→ TO DO
Could you repeat exactly the lines below, from the line containing "(Tải trọng từng loại dây chằng hàng tăng đơ)" through the last one, both included, while leaving out any pictures?
━━━ INFORMATION SHOWN
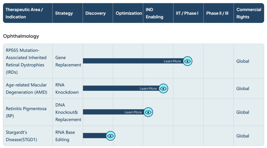 研发管线涵盖眼科、中枢神经等多个领域。公司临床阶段项目包括HG004治疗RPE65突变相关遗传性视网膜疾病(已获得美国FDA授予孤儿药资格认定和儿科罕见病资格认定)和HG202( CRISPR/Cas13 RNA编辑疗法)治疗新生血管性年龄相关性黄斑变性(nAMD)等项目。
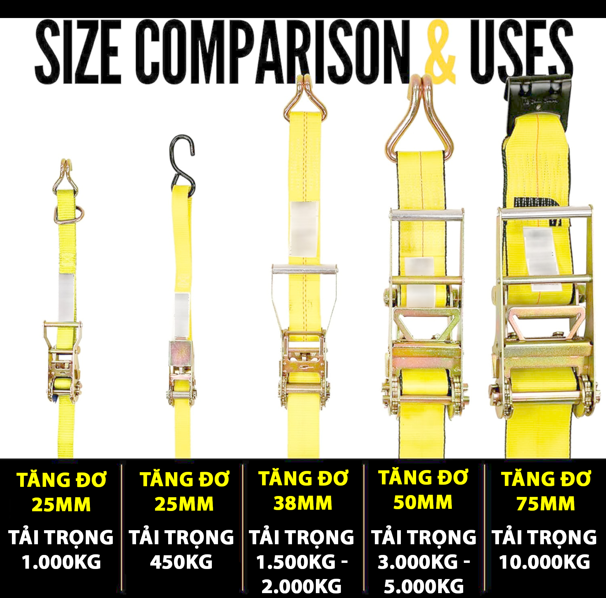 (Tải trọng từng loại dây chằng hàng tăng đơ)
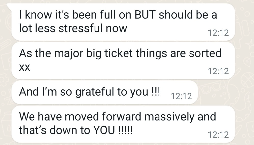 One of my client’s husbands even thanked me for how helpful I was and how i was just what she needed in her business…
━━━━━━
→ SOLUTION TO THIS PROBLEM
 (Tải trọng từng loại dây chằng hàng tăng đơ)
 One of my client’s husbands even thanked me for how helpful I was and how i was just what she needed in her business…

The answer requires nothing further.